Perhaps the hardest fight we face comes when we’re alone. From the time we’re young, we exist in a perpetual battle with that voice inside our own heads that chips away at us for not being good enough, intelligent enough, competent enough, tall enough, or skinny enough. The list goes on.
“Look at you baldy, grow some hair.” You know that voice. It’s the voice that stops you from expanding outside your comfort zone to learn new things, the voice that puts up roadblocks in your life’s path, and the voice that keeps you from being the person you want to be. We can be our own worst enemies.
A friend of mine recently asked me what it was like to step in a boxing ring for the first time and it made me think deeply about that nagging voice and how best to overcome fear. After all, a desire to tell that voice to shut its mouth is what got me into the sport in the first place. After backing down from a few fights throughout my childhood and being unable to get the self-hating all the way out of my system, I guess you could say I had something to prove.
When my buddy posed this question to me, my response to him was to imagine the fear of public speaking multiplied a million times. I read somewhere that people fear public speaking more than anything else, but I don’t buy it. Public fighting is way worse.
My first-ever opponent was a yoked-up firefighter who walked around the Atlanta Police Athletic League boxing gym with confidence and swagger. He was heavier and taller than me, but I was a young and fit 24-year-old who had the advantage of youth over him by probably 8 or 10 years. I was fearful, but not of him.
Going into it, I knew that I’d be fighting in front of a crowd of people who I’d have to see again and again professionally for a long time. A whipping would have surely dented any tough-guy reputation I might have had, but people who demean or besmirch others as they throw caution to the wind are just noise makers trying to build themselves up to face the voices of their own demons. Whether or not I’m any good at it, you can either get in there and do what I’m doing or shut up about it. I was still scared to fight, but not of those people.
For me, the fear was completely internal. Put plainly, I was afraid that I might at some point give up on myself and have to face the music that I cracked under pressure. We’ve all given up on ourselves before, when things got tough. Is there any worse feeling afterwards?

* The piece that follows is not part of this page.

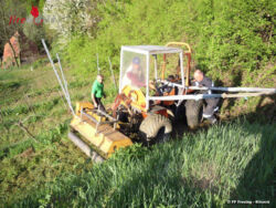 Am Einsatzort wurde der Traktor gegen weiteres Abrutschen gesichert und mittels Greifzug wieder auf die Räder gestellt. Da ein Einsatz von Erdankern wegen der Bodenbeschaffenheit nicht möglich war, musste ein Anschlagpunkt für den Greifzug bei einem Baum hergestellt werden, der ca. 40m vom Traktor entfernt in einem Wald stand. Eine große Hilfe bei dieser Traktorbergung war ein Feuerwehrkamerad mit seinem Quad. Denn das ganze Material wie Greifzug, Bandschlingen, Drahtseile usw. musste vom Aufstellort des LFB-A ca. 150m Bergauf zum Unfallort und wieder zurück transportiert werden.

I trained incredibly hard, got my bell rung a few times in sparring, and fought through a soreness in muscles I didn’t even know I had for about three months leading up to fight night. Still, my insecurities had such a powerful grip on me that I irrationally destroyed the old legs on the eve of the fight by running three miles for speed. I just had to prove to myself that I was in tip-top shape and ready to go. Well, it cost me dearly. Remember how I said we can be our own worst enemies?
When I opened my eyes the morning of the fight, I was instantly filled with dread. My legs felt like achy lead pipes and an Epsom salt bath failed to do anything for them. I had a hard time holding down breakfast and this pervasive thought that I had sabotaged myself lingered every second of every minute in the hours leading up to leaving for the Atlanta Civic Center. I was completely overcooked and there was no turning back. The sun was going to set and I was soon going to have to face this guy.

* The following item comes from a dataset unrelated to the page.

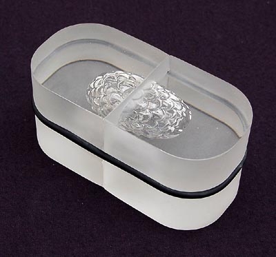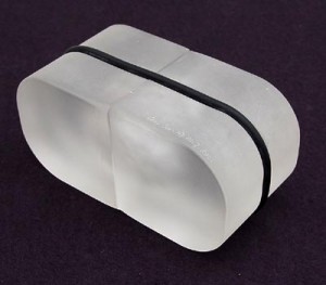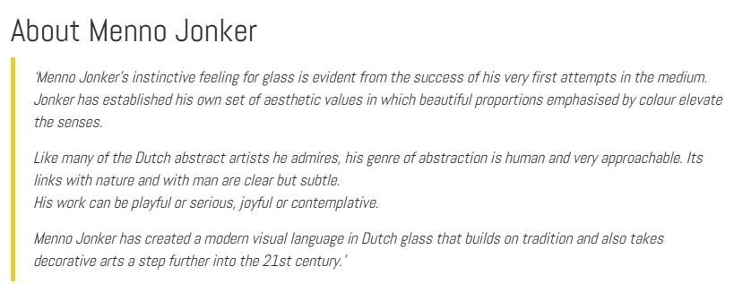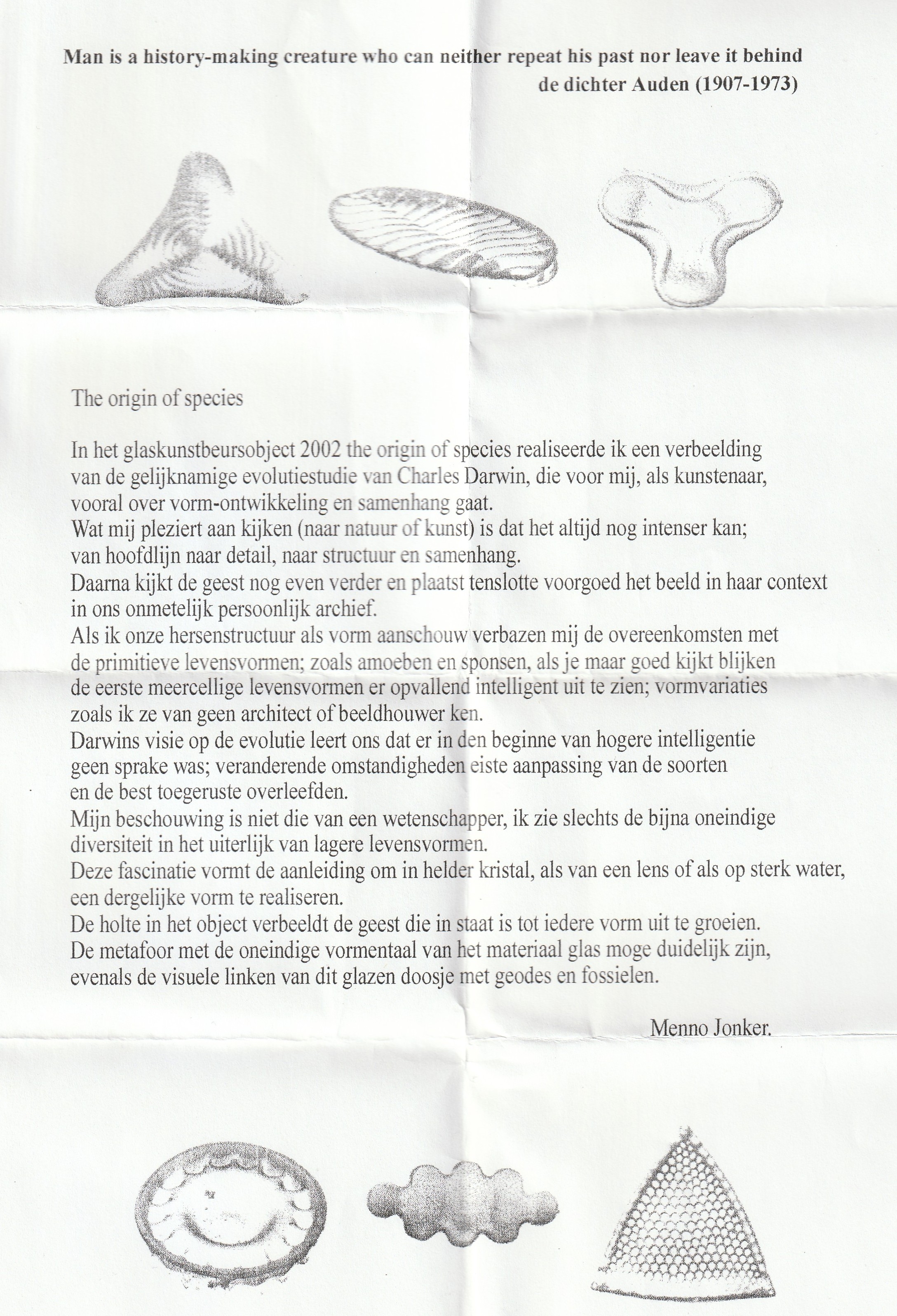 Glasunstbeurs jaarobject getiteld The Origin of Species. Ontwerp Menno Jonker, uitvoering Royal Leerdam. Gesigneerd en genummerd, met originele verpakking en certificaat. Lengte 14 cm.

I was about to go into war and fight to the death, but that didn’t matter. The thing about potentially deadly situations in Cop-land is you don’t get the chance to experience the anticipation. Those events tend to come out of nowhere and then they’re over with before you can do anything but react. After all, perps who want to hurt us aren’t known for sending out an invitation with a date and time to show up. The fight you know is coming crawls deeper into your soul than the one that takes you by surprise.

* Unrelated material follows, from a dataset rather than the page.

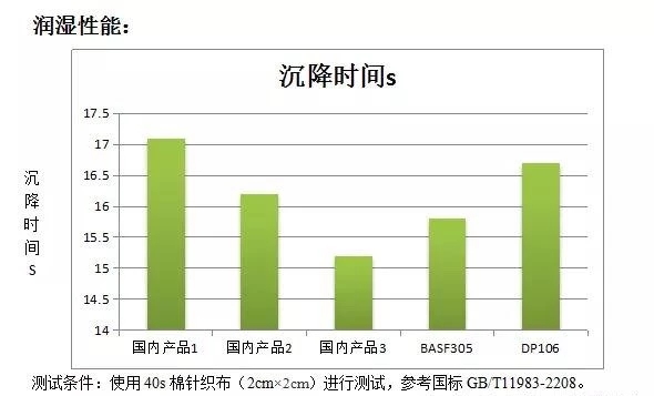 DP-106 具有很好的潤(rùn)濕滲透能力,在0.1%的活性物含量時(shí)潤(rùn)濕滲透時(shí)間為7秒以內(nèi)

When I got to the venue and the festivities began, I could easily see that the anticipation was getting to a lot of other guys too. It was all over their faces. A part of you just wants to hurry up and get it over with so the sickness in your stomach and pounding of your heart will go away. The other part of you is watching all the fights before yours and hoping time will magically slow to a stop so that you never have to dive out of that airplane—but then they call your name and your music hits. In that moment, you feel alive. It’s hard to keep from dropping F-bombs to describe it. You feel f***ing alive.
When the first bell I’d ever answered rang and the punches started flying, those butterflies—no—those dragonflies in my belly disappeared instantly. I was no longer nervous. I was completely out of my mind. People always talk about the fight-or-flight response but what’s more significant is the complete ego-death you experience when you get socked in the face. No sparring session can prepare you for it. You’ve never done anything like this before and you’re soon flailing like a fish out of water as a result.
As punches whizzed by my skull, I couldn’t think to do anything but return fire and I couldn’t hear anything but the ringing in my ears. It sounds crazy, but there in my mouthpiece I learned what adrenaline tasted like. At one point, I wondered if I had just heard my Pop scream my name, and a flashback to my high school wrestling days flashed by. Then the thought was cleaned from my clock with a thudding shot to the dome.
Later in that first round, I had a scare. From out of nowhere, I completely lost my vision and legs from under me as if all my life had just been sucked out. Everything just went black. After stumbling back in retreat for a second or two, I once again felt the weight of my body come back under me and I could see my opponent coming forward. The amazing thing about it was that this dire circumstance wasn’t caused by a well-landed shot to my melon at all. It was a full-on short circuit and reset. The experience made me understand how some people can spontaneously faint from being utterly overwhelmed. When I came to, I hunkered down and went back to slugging it out with the reckless abandon of a cornered animal.
There was nothing pretty or technically impressive about my first boxing match, but my opponent and I were well matched first-timers who put on a close one. At the start of the final round, I made a deal with myself that I would close it out by just biting down on my mouth guard and launching one-twos until I collapsed or heard the bell. It was a battle of wills between two men who decided there’d be no flight and I hated every second of it. Then, it was over.
The feeling of relief at the end of your first ring war is like waking up realizing you’re alive after waking up from one of those nightmares where you’re about to die. I wound up getting my hand raised for bringing the fight to my opponent in that final round when it mattered most—and that euphoric wave washing over my spent carcass was better than sex. It didn’t matter that it was just some rinky-dink police vs. fire amateur boxing match or even that I won. No one could take that moment away from me. I bent without breaking and I didn’t quit on myself. Mission accomplished.
As the next couple of years and fights added up, I got more comfortable being in the ring. The fear before the bell never goes away but it’s more manageable now. If getting into a boxing ring for the first time sounds absolutely horrifying, it is. If it seems like something you could never do, then good—because that’s exactly why you should do it. Screw that voice!